The symbol() and symbols() methods accept only string literals as parameters. The sid() method accepts only an integer literal as a parameter. A static analysis is run on the code to quickly retrieve data needed for the backtest.

Using Data

There are two ways to access data in an algorithm:

1. Pipeline. The more common way to access data is to attach a pipeline to an algorithm and retrieve the output every day. Once you have factor data (generated by an attached pipelin) in your algorithm, you can use it to make trading and portfolio construction decisions. 1. BarData Lookup. In addition to using pipeline, you can query minute level pricing and volume data using the built-in BarData object (available in scheduled functions via the data variable). BarData provides methods that allow you to query current and historical minute-frequency data in algorithms.

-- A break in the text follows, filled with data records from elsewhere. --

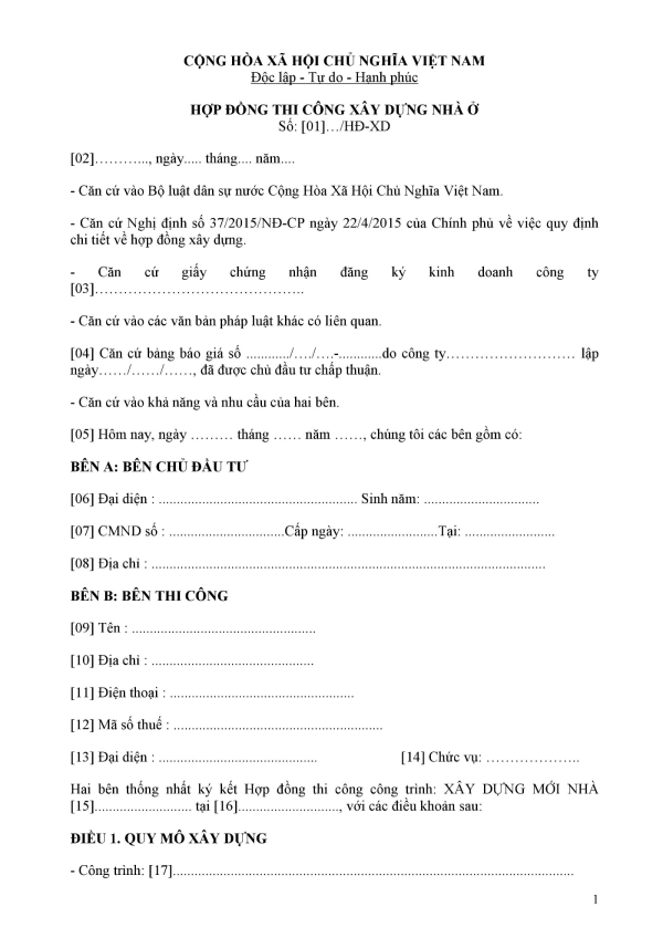 - [01] Hợp đồng xây dựng nhà ở số….: Kê khai theo số hiệu hợp đồng được kí kết giữa bên chủ đầu tư và bên thi công.
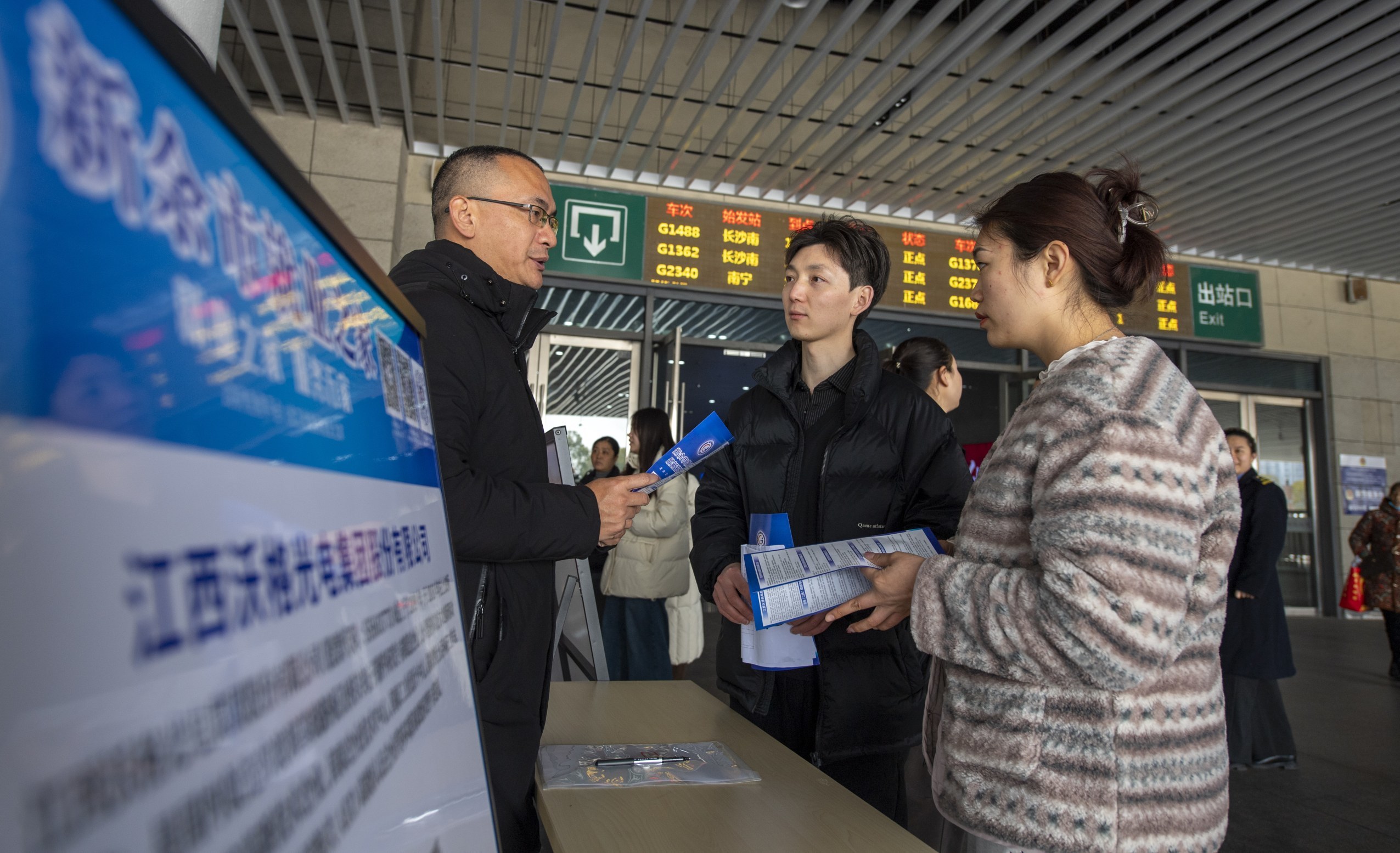 2月2日是春运首日,市人社局在新余北站出站口举办春风行动暨就业援助季专场招聘会。活动精准对接返乡人员就业需求和本地企业招工需求,组织本地重点企业提供2200余个优质岗位,让返乡农民工、高校毕业生等群体便捷获取招聘信息,助力返乡人员就近就地就业。本报记者赵春亮摄
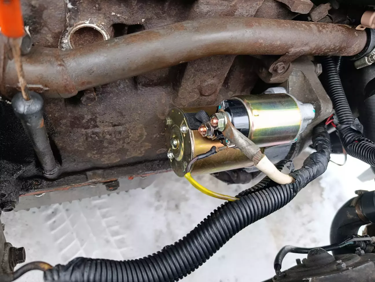 Спочатку збирався стартер ремонтувати. Помив, розібрав, подивився в середину, зібрав назад. Щітки майже стерті. В середині як у вугільній шахті. Прикинув, що навіть при найкращих розкладах ремонт це половина вартості нового стартера. А тут ще й не факт, що запрацює. Силовий плюсовий провід дзвониться на корпус. І не факт, шо проблема в щітковому вузлі. Коротше вирішив купувати новий, а цей відкладемо на пізніше.
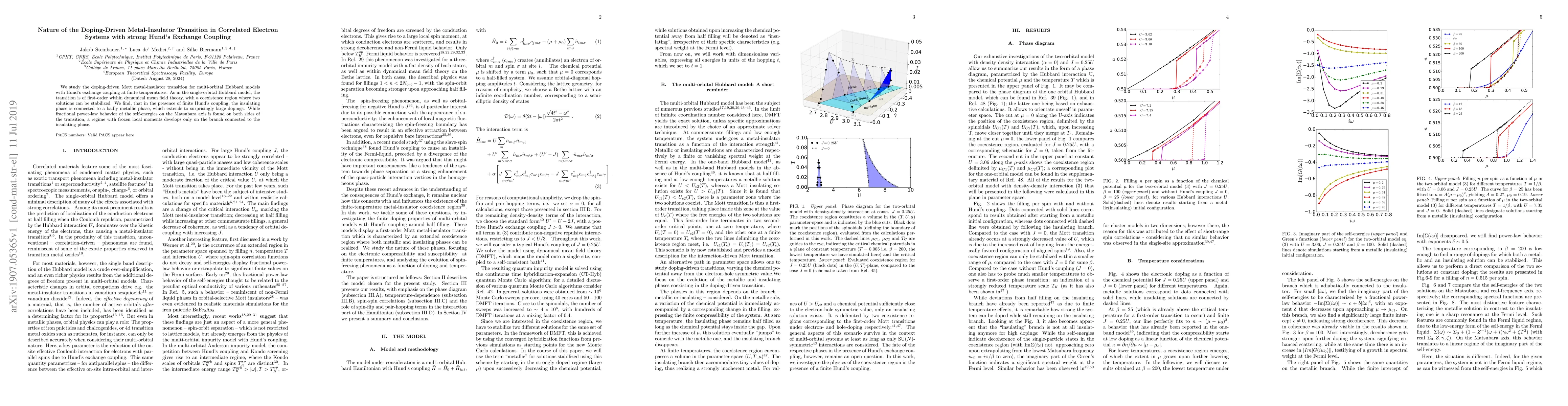 This paper investigates the metal-insulator transition in multi-orbital Hubbard models with Hund's coupling, revealing a first-order transition with a coexistence region. The study finds that the insulating phase links to a poorly metallic phase extending to large doping levels, with distinct self-energy behaviors and a regime of frozen local moments.
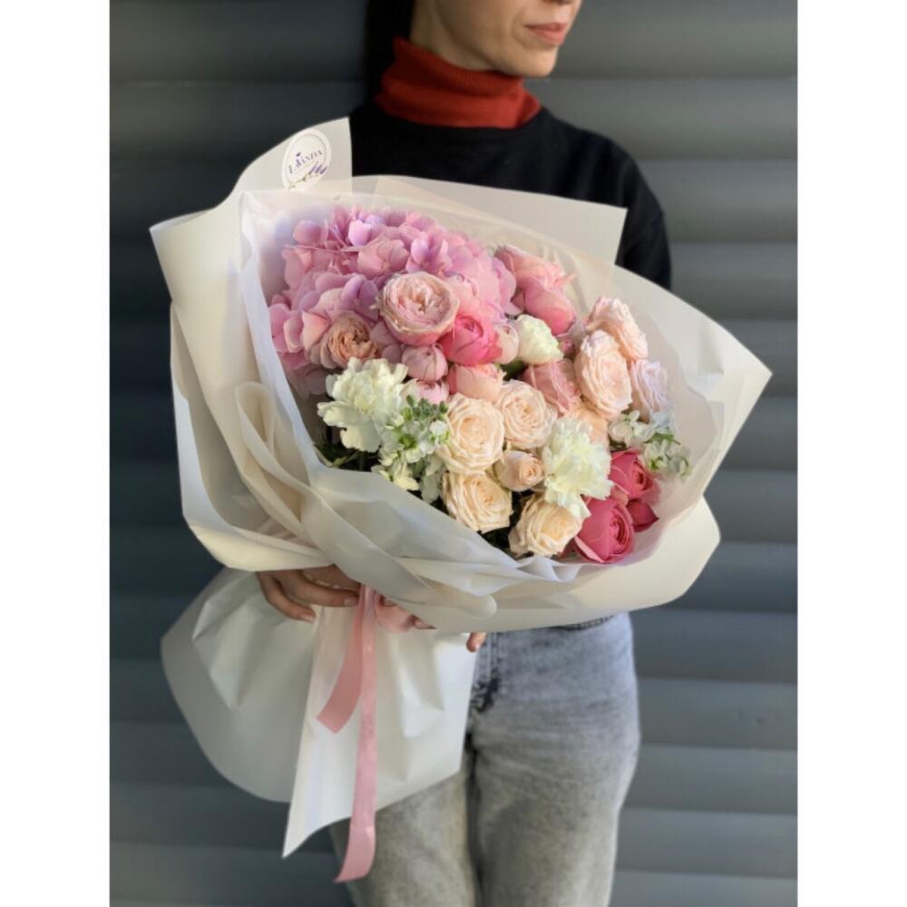 Альстромерии, Кустовые розы, Лизиантусы, Пионовидные розы, Розы, Ромашки
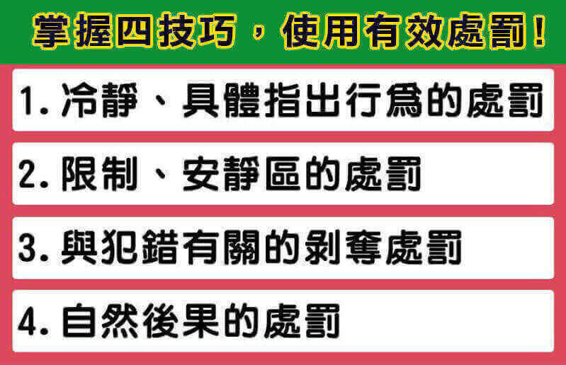在公共場所裡面或者是在大眾場所裡面,去進行處罰,或者是進行言語上面的怒罵,反而會傷到孩子的自尊心,尤其是五歲以上的孩子,孩子犯錯當下大人都急著教,沒有一個爸爸媽媽想要對孩子進行處罰,可是我們會不自覺去做不對的處罰。
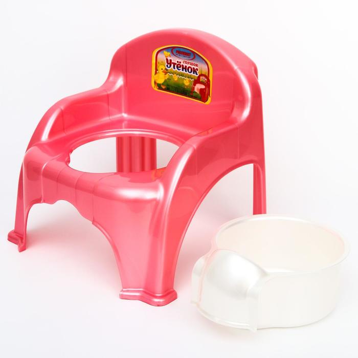 Такой горшок напоминает стульчик, поэтому ребёнку будет привычно садиться на него. Для удобства модель оснащена спинкой и подлокотниками. Высота изделия оптимальна для малютки. Для удобства предмет оснащён подлокотниками.
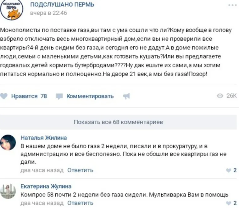 Аналогичные истории активно обсуждают и в социальных сетях. Так, в группе «Подслушано Пермь» социальной сети «ВКонтакте» несколько десятков пользователей заявили об отключениях газа в их домах. В некоторых случаях пермяки живут без газа больше месяца.
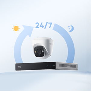 Avoid complex wiring and use a single cable to connect your eufy PoE cameras to a network video recorder for power and video.
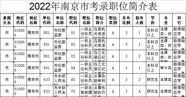 以2022江蘇省考南京地區(qū)職位表為例,每一列表格對(duì)應(yīng)的都是不同的內(nèi)容,有崗位的相關(guān)介紹,也有具體的條件要求,在這里小編給到的建議是:先篩選符合條件的崗位,然后再做挑選(畢竟有崗可報(bào)才能有崗可挑)

These two techniques for using data in algorithms are covered in more detail in the next sections.

Pipeline in Algorithms

As discussed earlier in this guide, the purpose of pipeline is to make it easy to define and execute cross-sectional trailing-window computations. Once you have developed a pipeline in Research, you can attach it to your algorithm. Once your pipeline is attached to your algorithm, it will be executed and make results available via pipeline_output() for each day in a backtest simulation. pipeline_output() can be called from within any scheduled function.

For example, the following code gets the output from a pipeline that was attached under the name 'my_pipeline'.

def my_scheduled_function(context, data):
    # Access results using the name passed to attach_pipeline.
    pipeline_results_today = pipeline_output('my_pipeline')

The return value of pipeline_output() will be a pd.DataFrame with columns corresponding to the columns that were included in the pipeline definition and one row per asset that was listed on a supported exchange in the specified domain on that day. Additionally, any equities that do not pass the screen (if one was provided) will be omitted from the output.

Importantly, the pd.DataFrame returned by pipeline_output() is slightly different than the pd.DataFrame returned by run_pipeline() in Research. Pipelines in research produce pd.MultiIndex data frames while with the first index level corresponding to the simulation date and the second index level corresponding to the equity object. Pipelines attached to algorithms have an implied simulation date equal to the current backest simulation date, so the output dataframe has a regular pd.Index that only contains equity objects.

Note

Pipelines are computed in a special computation window and have their results cached. pipeline_output() simply reads the result of the Pipeline, which is a fast operation, so it is a computationally inexpensive operation.

Note

You can use multiple pipelines in the same algorithm. To do this, you can define multiple pipelines in an algorithm and attach each one under a different name.

Post Processing Computations

Sometimes, there might be an operation or trasnformation that you want to perform on a pipeline output before using it to inform trading decisions. For example, you might have a custom computation that cannot easily be expressed as a pipeline custom factor. In this situation, you should use before_trading_start() to define the computation as a post-processing step on the pipeline output.

before_trading_start() is an optional method called once a day, before the market opens but after the current day's pipeline has been computed. before_trading_start() is a general-purpose function with a 5 minute time limit. It is a good place to perform once-per-day calculations such as a post-processing step on a pipeline output.

Like scheduled functions, before_trading_start() accepts two arguments: context and data. These arguments correspond to instances of AlgorithmContext and BarData, respectively.

BarData Lookup

In addition to accessing daily data via pipeline, you can access minute-level pricing and volume data in an algorithm. Minute level pricing and volume data is not available in pipeline, but can be retrieved via BarData methods.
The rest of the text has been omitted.